# [Work instructions]
In your copy, leave out the pictures and reproduce the listing below exactly.

# [Collected material]

____________________

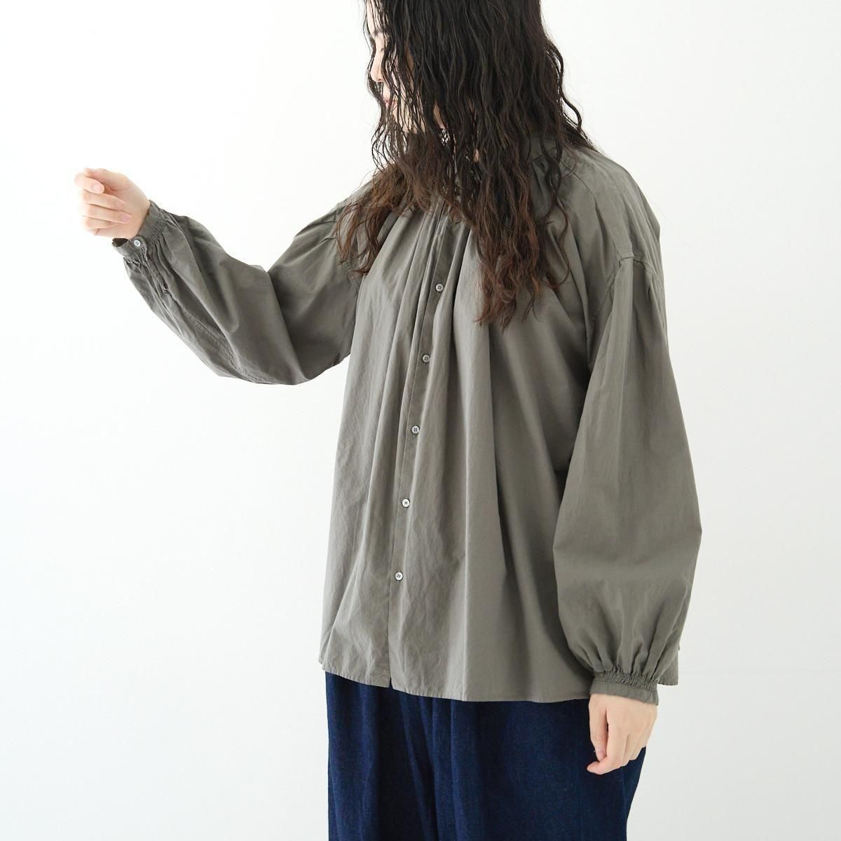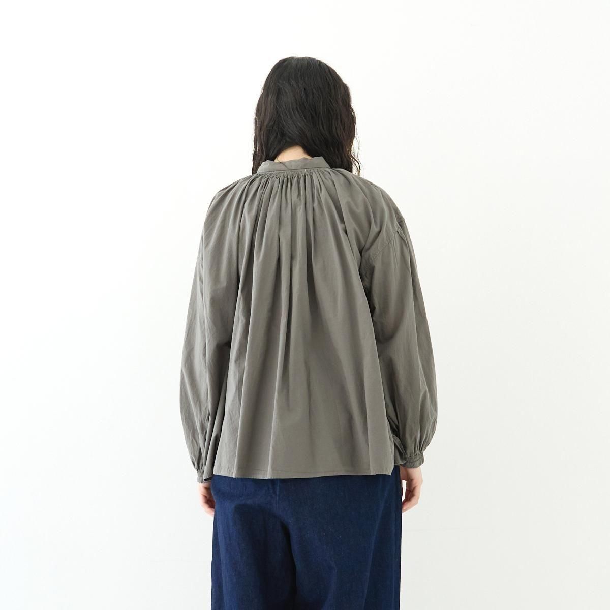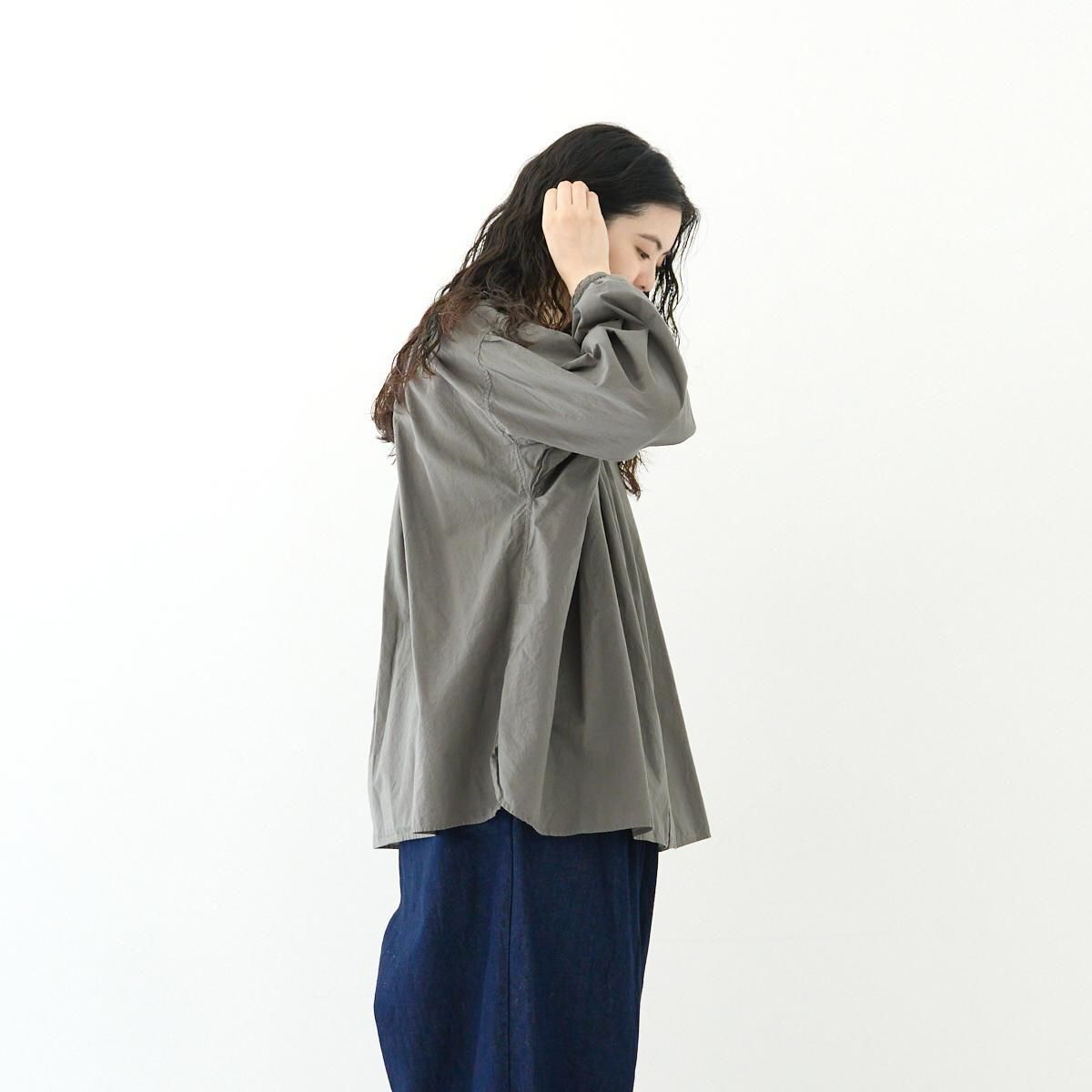 Veritecoeur定番のアンティークブラウス。 今季は細番手の糸で織られた柔らかなテキスタイルが登場しました。 衿ぐりと袖口にギャザーをたっぷり寄せた、ふんわりとしたシルエット。ガーゼのような薄手のコットンボイル生地は落ち感が美しく、着用した際にボリュームが出過ぎないのがポイントです。サイドのスリットもさりげないアクセントになっています。繊細なギャザーが作る、空気を含んだような優しい着心地が魅力の一枚です。 25AW size:F 着丈68cm/身幅71cm/肩幅56cm/袖丈71cm/袖口幅10.7cm/裾幅90cm ※サイズ計測の多少の誤差はご了承下さい。 material:cotton100% color:GRAY / WHITE お取り扱い店舗・・・dieci kyutaro店2F -------------------------------------------------------- Veritecoeur(ヴェリテクール) 真心という意味を込めて名付けたVeritecoeur。 素材の持つ魅力を活かし、着心地を大切にした、どこか人の手の温もりを感じるモノ作り。フォーマルからデイリーまで、ブランドらしさを失わない豊富なコレクション。 着て、洗ってを繰り返し、自分らしい愛着のある1枚へと育てて欲しい作り手の想い。 それぞれの暮らしを想い描きながら届ける、心豊かになれる日常着です。 size_chart
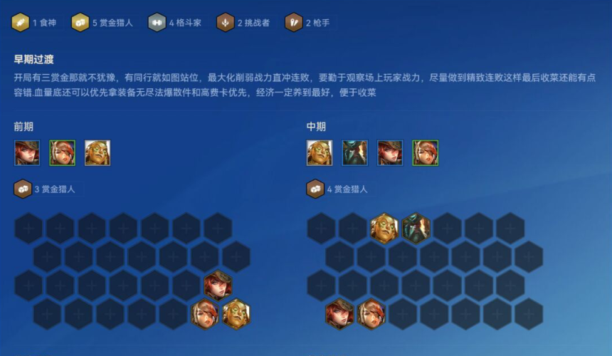 1、玩家玩赏金猎人连败的话,最好是能拿到有赏金猎人转职的海克斯,尽量早点凑到3赏金或者5赏金,用赏金猎人加别的棋子尽量使自己连败。
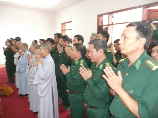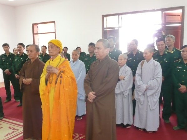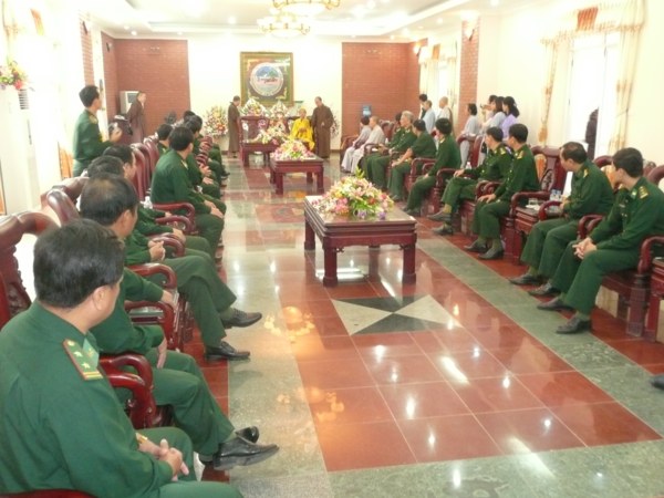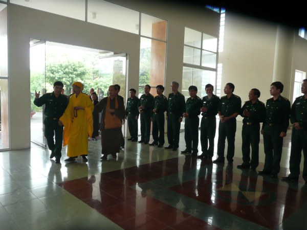Cung đón Đức Pháp chủ có đầy đủ cán bộ lãnh đạo chủ chốt của Học viện Biên phòng.

____________________

# [Result for this task]
 Veritecoeur定番のアンティークブラウス。 今季は細番手の糸で織られた柔らかなテキスタイルが登場しました。 衿ぐりと袖口にギャザーをたっぷり寄せた、ふんわりとしたシルエット。ガーゼのような薄手のコットンボイル生地は落ち感が美しく、着用した際にボリュームが出過ぎないのがポイントです。サイドのスリットもさりげないアクセントになっています。繊細なギャザーが作る、空気を含んだような優しい着心地が魅力の一枚です。 25AW size:F 着丈68cm/身幅71cm/肩幅56cm/袖丈71cm/袖口幅10.7cm/裾幅90cm ※サイズ計測の多少の誤差はご了承下さい。 material:cotton100% color:GRAY / WHITE お取り扱い店舗・・・dieci kyutaro店2F -------------------------------------------------------- Veritecoeur(ヴェリテクール) 真心という意味を込めて名付けたVeritecoeur。 素材の持つ魅力を活かし、着心地を大切にした、どこか人の手の温もりを感じるモノ作り。フォーマルからデイリーまで、ブランドらしさを失わない豊富なコレクション。 着て、洗ってを繰り返し、自分らしい愛着のある1枚へと育てて欲しい作り手の想い。 それぞれの暮らしを想い描きながら届ける、心豊かになれる日常着です。 size_chart
 1、玩家玩赏金猎人连败的话,最好是能拿到有赏金猎人转职的海克斯,尽量早点凑到3赏金或者5赏金,用赏金猎人加别的棋子尽量使自己连败。
Cung đón Đức Pháp chủ có đầy đủ cán bộ lãnh đạo chủ chốt của Học viện Biên phòng.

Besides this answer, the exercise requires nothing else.